Developing a User Centric Content Strategy

What’s wrong to make content just for yourself?

“Content should exist because there is a target set of audience – people who will read, watch, and/or look at your stuff. Keep in mind that the reason we are making content is not to make ourselves feel good, or to archive and document what our company is about. We make content for people – users who drop by in your site because they want to know you!”

(Sean Si a.k.a. @h3sean ~ SEO Hacker)

Why The User Experience Can Or Cannot Be Designed

Designing the right circumstances so the proper experiences can emerge.

“It seems an endless discussion whether the user experience can or cannot be designed. The difficulty of the discussion lies in the level of abstraction. I believe that is because everything is an experience and everyone is a user. There is no standard definition, nor consensus among the practitioners, of what experience design really is. In this article I hope to shed some light on the issue. I will share my thoughts about the difficulties to design the user experience and give some practical tips how to overcome this challenge.”

(Paul Olyslager a.k.a. @paulolyslager ~ Usabilia)

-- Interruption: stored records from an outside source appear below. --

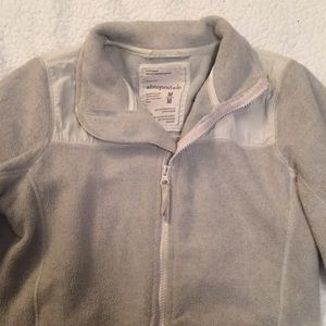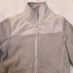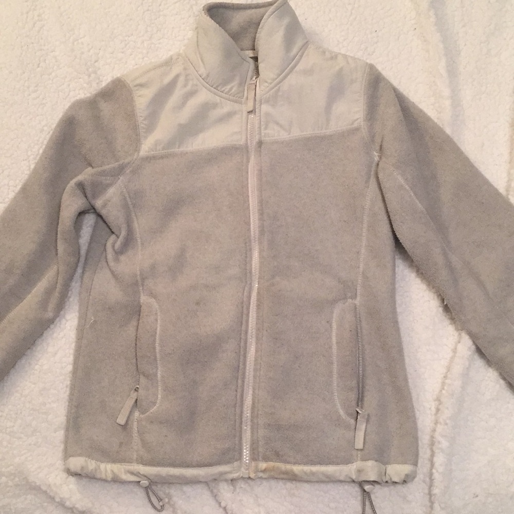 Comfy zip up jacket with turtle neck that can fold down. Fluffy, soft fabric on bottom half and faux leather type fabric on top half. Beige/cream color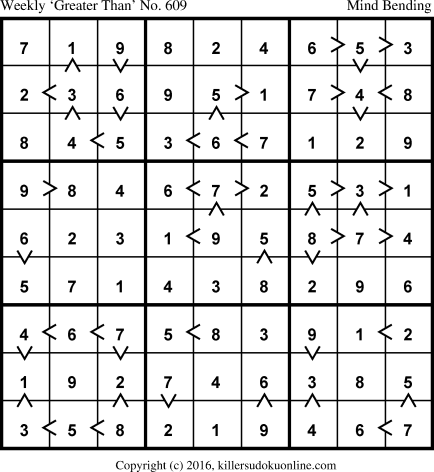 Weekly “Greater Than” Sudoku for week starting 9/18/2017
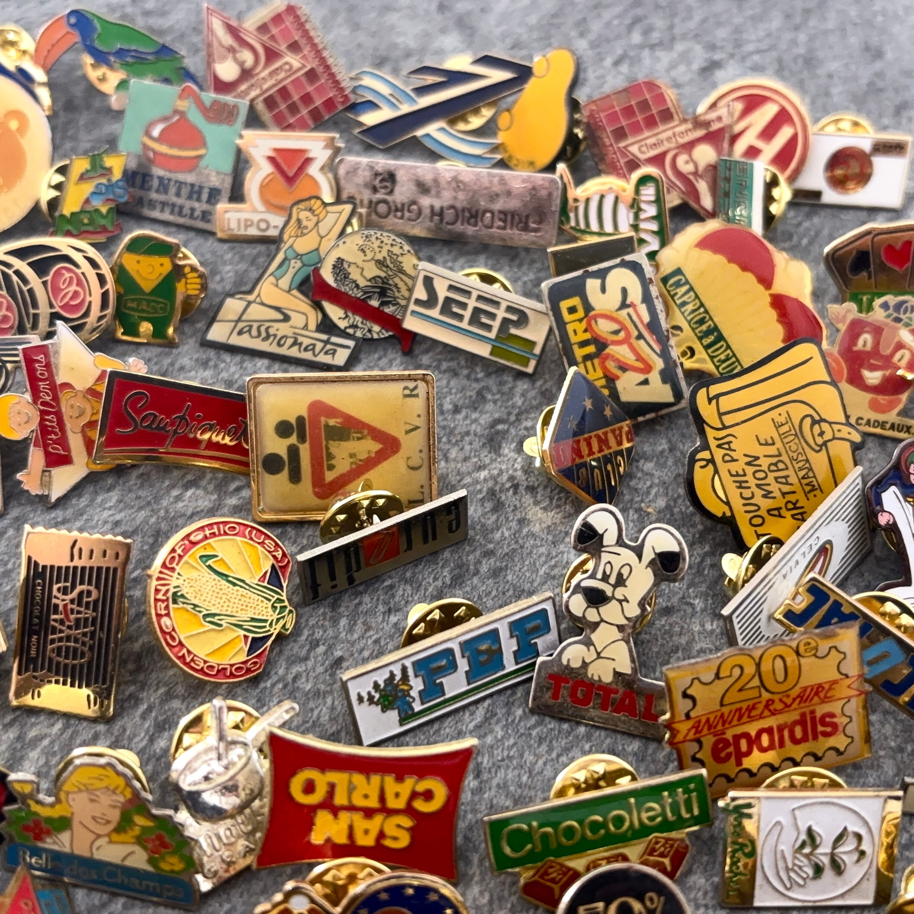 訳あり・150個 フランス雑貨 ヴィンテージ ピンバッジ ピンズ France pins Pin badge vintage 古着 通販 リメイク ブローチ アタッチメント付属 雑貨 2508022_2511007-1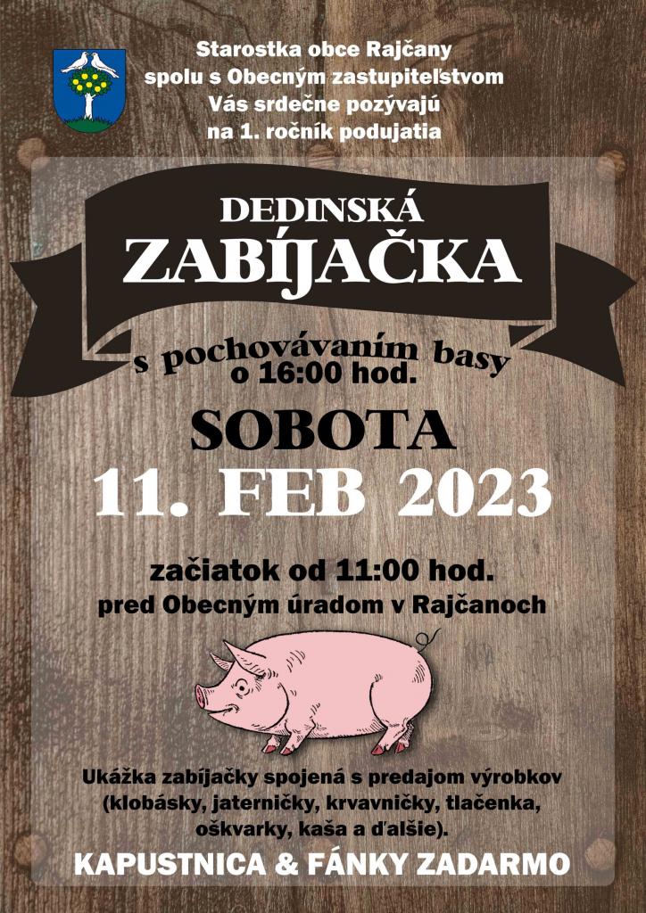Starostka obce Rajčany a poslanci Obecného zastupiteľstva Vás srdečne pozývajú na 1. ročník podujatia DEDINSKÁ ZABÍJAČKA dňa 11.02.2023, t.j. sobota o 11:00 hod. s pochovávaním basy o 16:00 hod. pred Obecným úradom v Rajčanoch.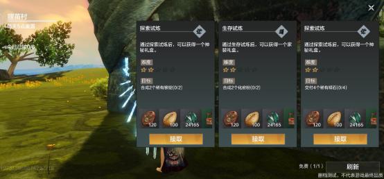 6.完成手札“环狗儿的提醒”后,每天可以接取异人村悬赏任务,每天可以接六个,可获得灵气以及其它的丰富奖励。建议花费贝币多刷新几次,尽量接到四星或五星任务,给的奖励会比较高一点。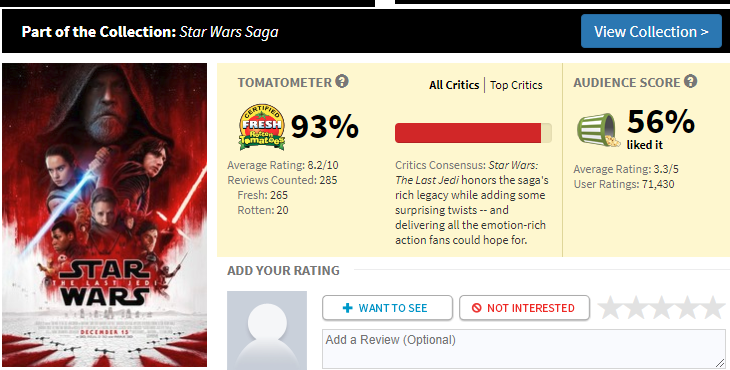 Star war หนังที่ user กับนักวิจารณ์เห็นต่างกันแบบสุดๆ สรุปดีหรือไม่ดีครับ ?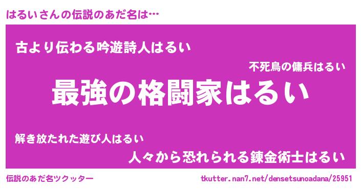 | ヘコむあだ名 | 『酢こんぶ』『はるい(小並感)』 |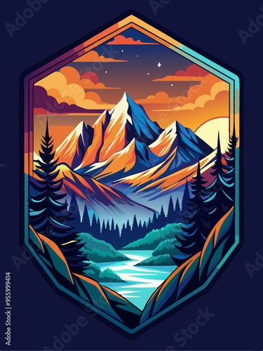 Mountain Landscape with Sunset and River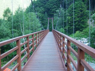 朝の横尾橋を渡り、涸沢に向かう。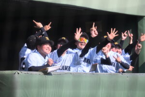 7回表の守備では右アンダースローの網谷紅羽が登板し、2死から3連続四球で満塁のピンチを切り抜けると、7回裏に先頭の小峰がライトへ三塁打を放ち、四球、申告敬遠で満塁に。最後は2番の佐藤が前進守備の内野を越え、センター前に弾き返すサヨナラタイムリーを放ち歓喜の輪ができた。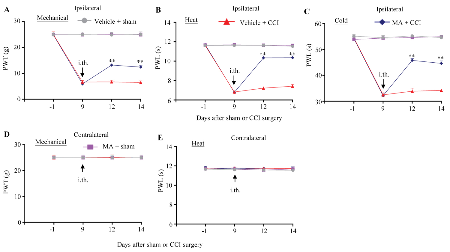 Figure 2: Effect of intrathecal post-administration of meclofenamic acid (MA) on the maintenance of CCI-induced nociceptive hypersensitivity in female rats. 20 μg MA or vehicle (0.01 M PBS) was intrathecally (i.th.) administrated once daily for 5 days starting on day 9 post-surgery. Paw withdrawal threshold (PTW) to mechanical stimulation (A and D) and paw withdrawal latency (PWL) to heat (B and E) and cold (C) stimuli on the ipsilateral (A-C) and contralateral (D and E) sides were performed one day before surgery, prior to MA or vehicle administration on day 9 post-surgery and on days 12 and 14 post-surgery. n = 6 female rats/group. Three-way ANOVA with repeated measures followed by post hoc Tukey test.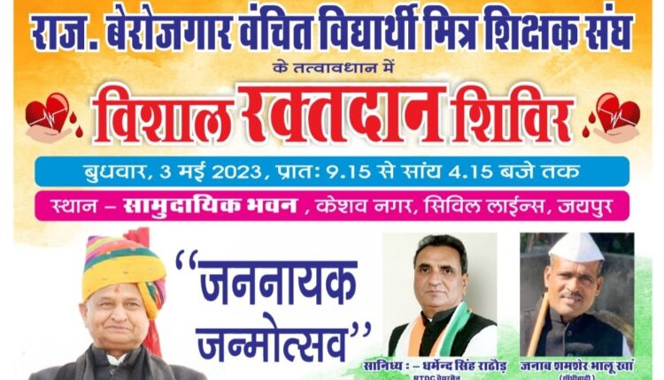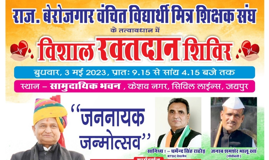 सीएम के जन्मदिवस पर इस बार राजस्थान बेरोजगार वंचित विद्यार्थी की ओर से विशाल रक्तदान शिविर का आयोजन 3 मई को सिविल लाइंस स्थित, केशव नगर मे सामुदायिक भवन पर प्रात: 9.15 से सांय 4.15 तक आयोजित किया जायेगा जिसमें पूरे प्रदेश से बेरोजगार विधार्थी मित्र बड़ी संख्या में भाग लेंगे। जननायक के जन्मोत्सव पर शिविर के सफल आयोजन को लेकर तैयारियां युद्ध स्तर पर चल रही हैं। प्रदेश कार्यकारिणी के शीर्ष नेतृत्व ने बताया कि जयपुर में रक्तदान शिविर का आयोजन किया जायेगा जिसके फलस्वरूप प्रदेश कार्यकारिणी व सक्रिय कार्यकर्ता 2 मई को रक्तदान दिवस से एक दिन पूर्व जाकर तैयारियों का जायजा लेंगे ताकि इस रक्तदान शिविर को ऐतिहासिक बनाया जा सके। जिसके लिए प्रदेेश भर के बेरोजगार विधार्थी मित्रों को अधिक से अधिक संख्या में भाग लेने का आह्वान किया गया है l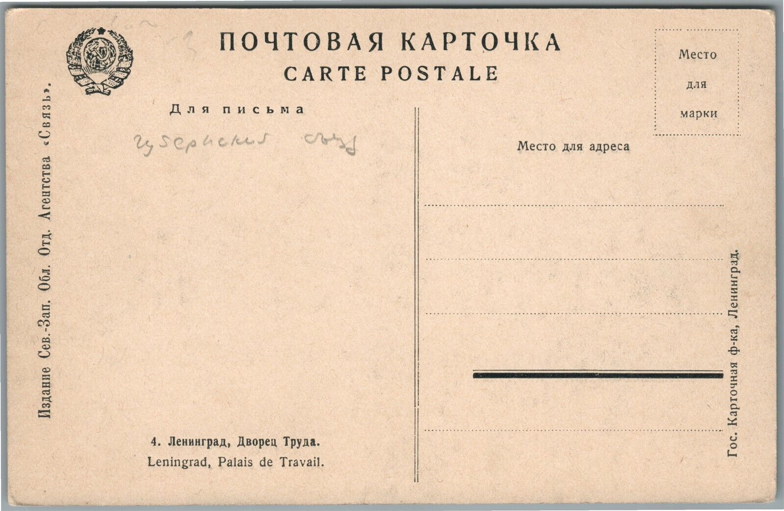 LENINGRAD RUSSIA PALACE OF LABOR ANTIQUE POSTCARD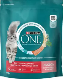 Сухой корм Purina One для стерилизованных кошек и кастрированных котов с лососем, 750 г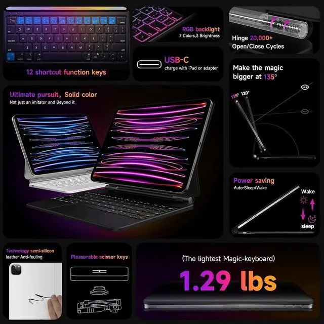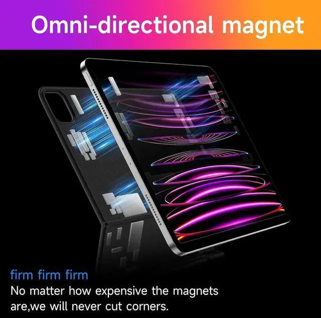 Floating Cantilever Stand --- Adopt magnetic suspension design,strong magnetic suction to ensure the safety of your iPad.Ergonomically floating cantilever stand[adjustable 135° angle],you can choose the most comfortable tilt angle to use your iPad.You can also wake up or sleep your iPad by opening or closing your keyboard case.
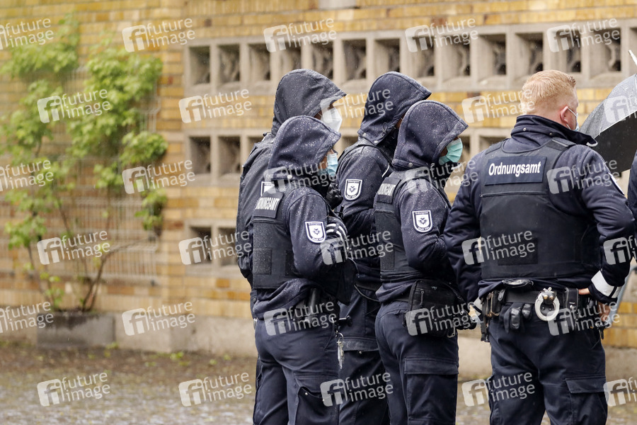 Ordnungsamt-Mitarbeiter bei der Trauerfeier und Beerdigung von Willi Herren auf dem Melaten Friedhof. Köln, 05.05.2021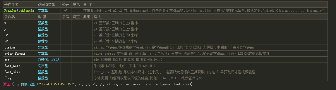 返回 (obj.数值方法 (“FindStrWithFontE”, x1, y1, x2, y2, string, color_format, sim, font_name, font_size))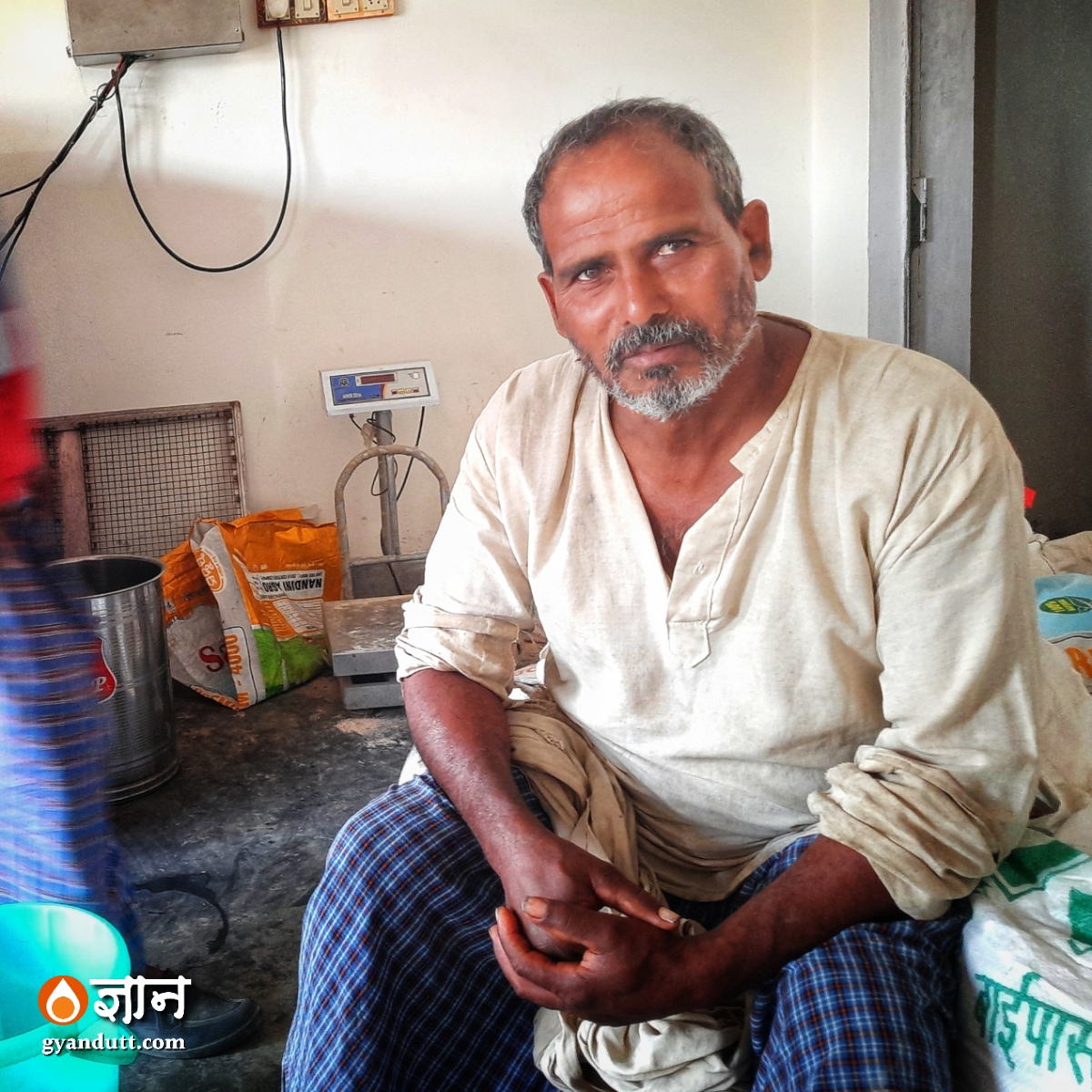 मिश्री पाल पर पोस्ट 2016 में लिखी थी। उसके बाद अब मड़ैयाँ डेयरी पर मिलना हो रहा है आजकल। चौदह अप्रेल को मिले थे। उनपर लिखा भी था। आज फिर मिले। कुर्सी पर बैठे थे। मुझे देख कुर्सी मेरे लिये खाली कर दी और बगल में पशु आहार की बोरी पर बैठ गये।
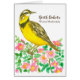 Ett tomt hälsningskort som dekoreras med en western madowlark av ljusa gulter på en vild rärie ro bush illustrerad med bläck och vattenfärg. Inspinerad av den statliga fågeln och statsblomman i North Dakota.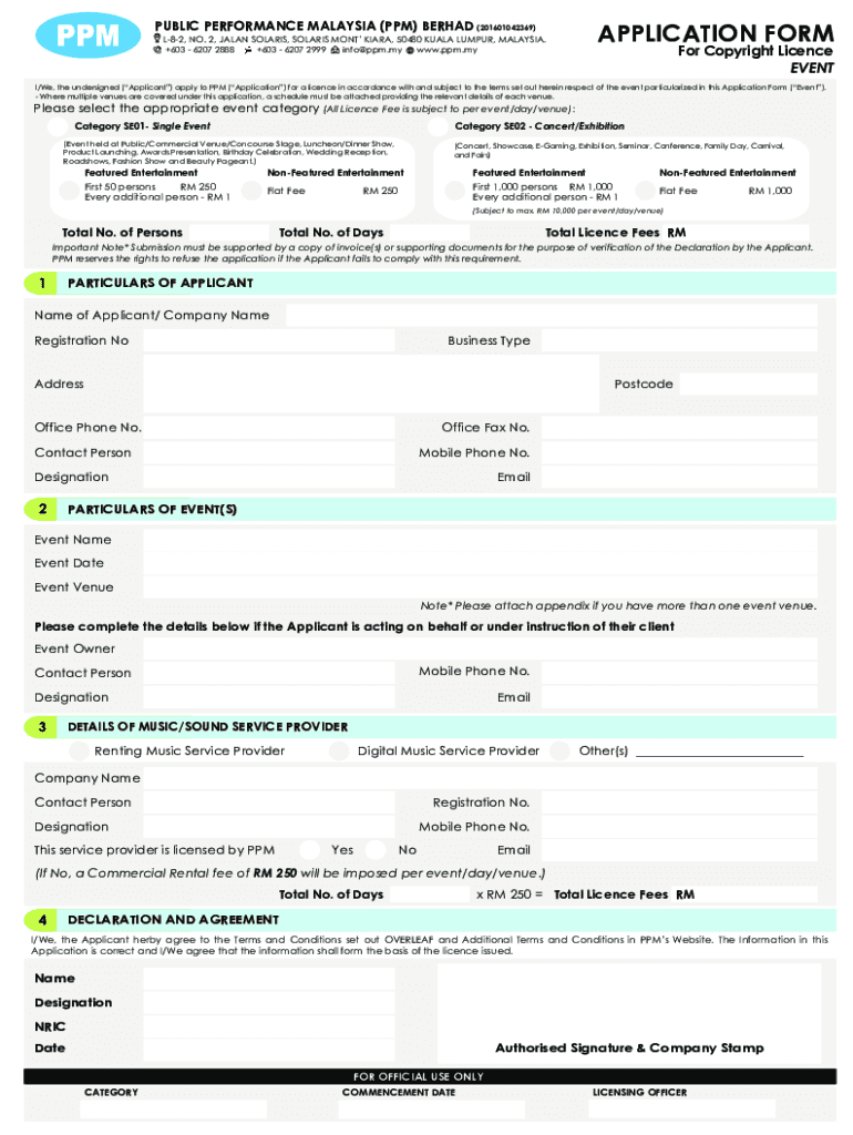 PUBLIC PERFORMANCE MALAYSIA (PPM) BROAD (201601042369) L82, NO. 2, JAPAN POLARIS, POLARIS MONT KIARA, 50480 KUALA LUMPUR, MALAYSIA. +603 6207 2888 +603 6207 2999 info ppm.my www.ppm.myAPPLICATION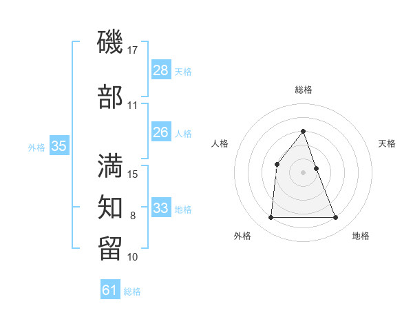 磯部 満知留さんを姓名の画数から五運を鑑定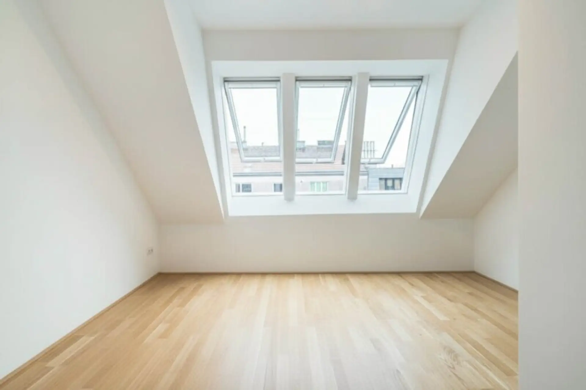 Die Wohnung wird über den Vorraum im 1. Dachgeschoss betreten, der ausreichend Platz für eine Garderobe bietet.

A Business Case For Transformative Services

And do transformative services deliver the same kind of experiences?

“What kind of services will we need to offer that will create both value in a changing society and a changing business environment? And what does value mean for individuals in a service context? In the following we want to look at ‘transformative services’ and the potential they offer for businesses. With transformative services we mean those services that change the way individuals or groups behave in order to foster wellbeing and satisfaction of the individual or group while providing sustainable business value.”

(Melanie Wendland a.k.a. @MelanieWendland ~ Conversations by Fjord)

Agile is Wrong for UX

Can there be such a thing as software products?

“When something is wrong, it deviates from truth or fact. And I can say, with more confidence than ever, that traditional Agile software development methodologies (i.e. Scrum) are wrong for UX. In order to prove my case, I want to take you back to the inception of Agile (as I have read and experienced it) and its related software development methodologies. Along the way, we’ll point out the reasons these methodologies are incompatible with the field of User Experience Design.”

(Elisabeth Hubert a.k.a. @lishubert)

5 Tips for Effective UX Leadership

Speak up, we want heroes or champions more than (self-proclaimed) gurus.

“Your leadership superpowers will flourish as you stay engaged with the people influencing your product, become a confident voice for the user, and own the success and failure of your projects. The users of the world need UX practitioners to save them from noise, clutter, and wasted time. Producing work is not the same as providing leadership and strategic value. In the real world, people aren’t born heroes; they’re forged in moments of need. Rise up and defend your users. You are the expert, so lead and others will follow.”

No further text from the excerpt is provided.